South Korea, also known as the Republic of Korea [ROK] is a U.S. ally and 28,000 American troops are stationed in the country.

Tensions on the Korean peninsula have worsened after two South Korean troops were seriously wounded earlier this month by North Korean mines placed in the demilitarized zone (DMZ) between the two countries.

In response, South Korea began blasting propaganda on loudspeakers across the border into North Korea, also known as the Democratic People's Republic of Korea [DPRK]. North Korea responded by firing artillery into South Korea on Thursday, and South Korea fired back.

On Friday morning, North Korean leader Kim Jong Un ordered his troops to prepare for war.

The tensions come as the U.S. and South Korea are conducting annual joint military exercises known as Ulchi Freedom Guardian 2015.

The exercises were briefly suspended on Thursday, after the firing of artillery, but have since resumed, said Shear.

He said U.S. forces were on enhanced status due to the exercises, and not the shelling.

"U.S. forces went on an enhanced status as part of the exercise.

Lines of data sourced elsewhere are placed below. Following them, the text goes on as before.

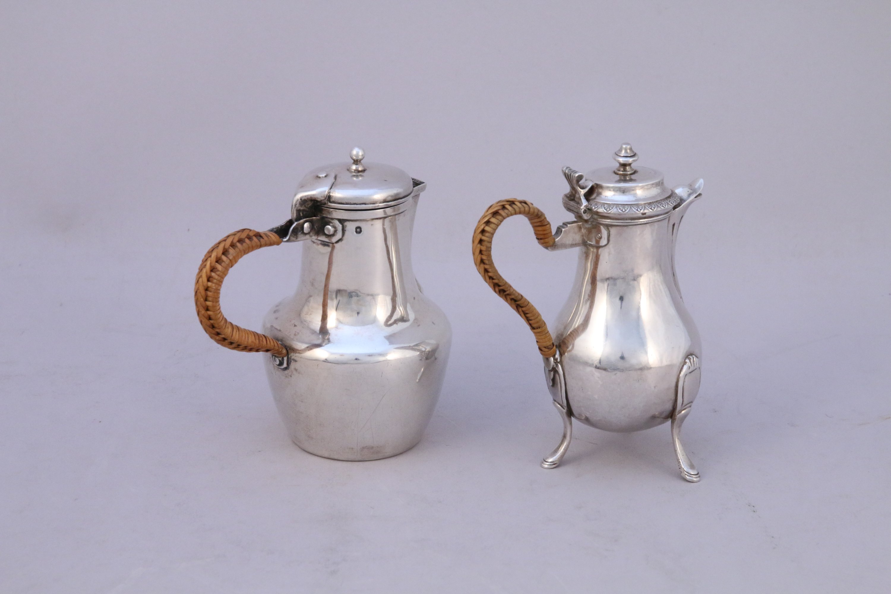 le couvercle à décor gravé d'une frise de palmettes surmonté d'un fretel en forme de toupie. Anse clissée. Poinçon Paris, Premier Coq 950 millième. Orfèvre : Antoine Henry Dubois. Haut. 13 cm. Poids 120 g.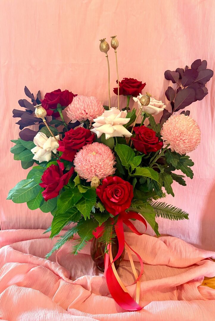 Nothing says 'I love you' like a gorgeous vase arrangement of the most beautiful premium longstem roses. Paired with Disbuds for some drama and accented with gorgeous seasonal foliages.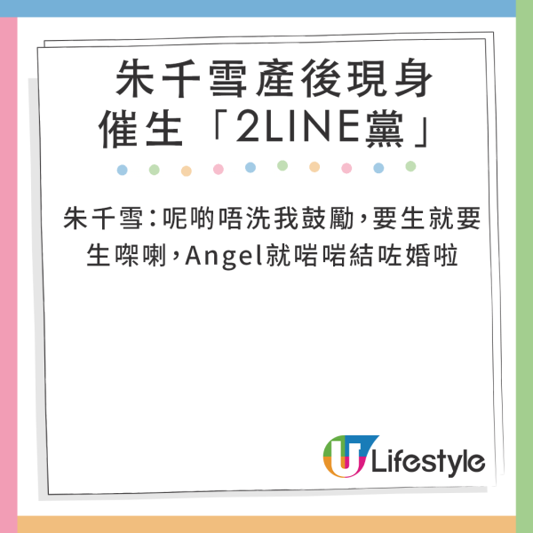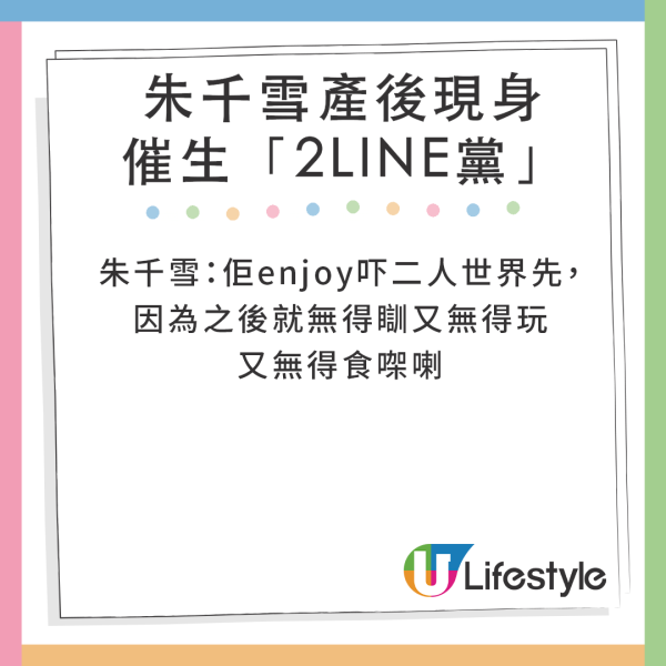 雖然5月誕下囝囝後,朱千雪雖然未完全修身,但上圍明顯大升級,她更笑稱自己今早先陪囝囝玩完再出門,亦指自己7月已經復工,包括律師樓工作、拍攝廣告、出活動以及社交平台工作等,但暫時未收到劇本亦未有拍劇的打算。

They are remaining in an enhanced status as part of the exercise, and of course to ensure adequate deterrence on the peninsula," he said.

"The DPRK's provocative actions heightened tensions, and we call on Pyongyang to refrain from actions and rhetoric that threaten regional peace and stability, and we are at one with our ROK ally on this," he said.

Shear said the exercise was suspended briefly in order to allow the U.S. to "coordinate" with South Korea on the exchange of artillery fire across the DMZ.

"When events like this take place, we talk to the ROK about — to get that facts straight of what happened and to — to discuss what —how we are going to respond," he said.

State Department press secretary retired Rear Navy Adm. John Kirby said Secretary of State John KerryJohn Forbes KerrySeinfeld's Jason Alexander compares Trump dance video to iconic Elaine dance This time, for Democrats, Catholics matter President's job approval is surest sign Trump will lose reelection MORE is "monitoring this very, very closely."

"We're all taking this threat seriously. As we have to. When you hear rhetoric like that, you can't ignore it," he said on MSNBC's "Andrea Mitchell Reports."

Kirby said U.S. troops on the peninsula "are ready for action."

"They like to say that they're ready for action tonight if it's needed. And that's the kind of readiness posture that we want to preserve there on the Korean Peninsula because it's unstable because of the actions of the North," he said.

"Obviously nobody wants it to come to that," he added. "What we really want, and we've said this before, is for the North to stop destabilizing the situation and stop committing acts and, frankly, ascribing to rhetoric that's doing nothing to lower and decrease tensions."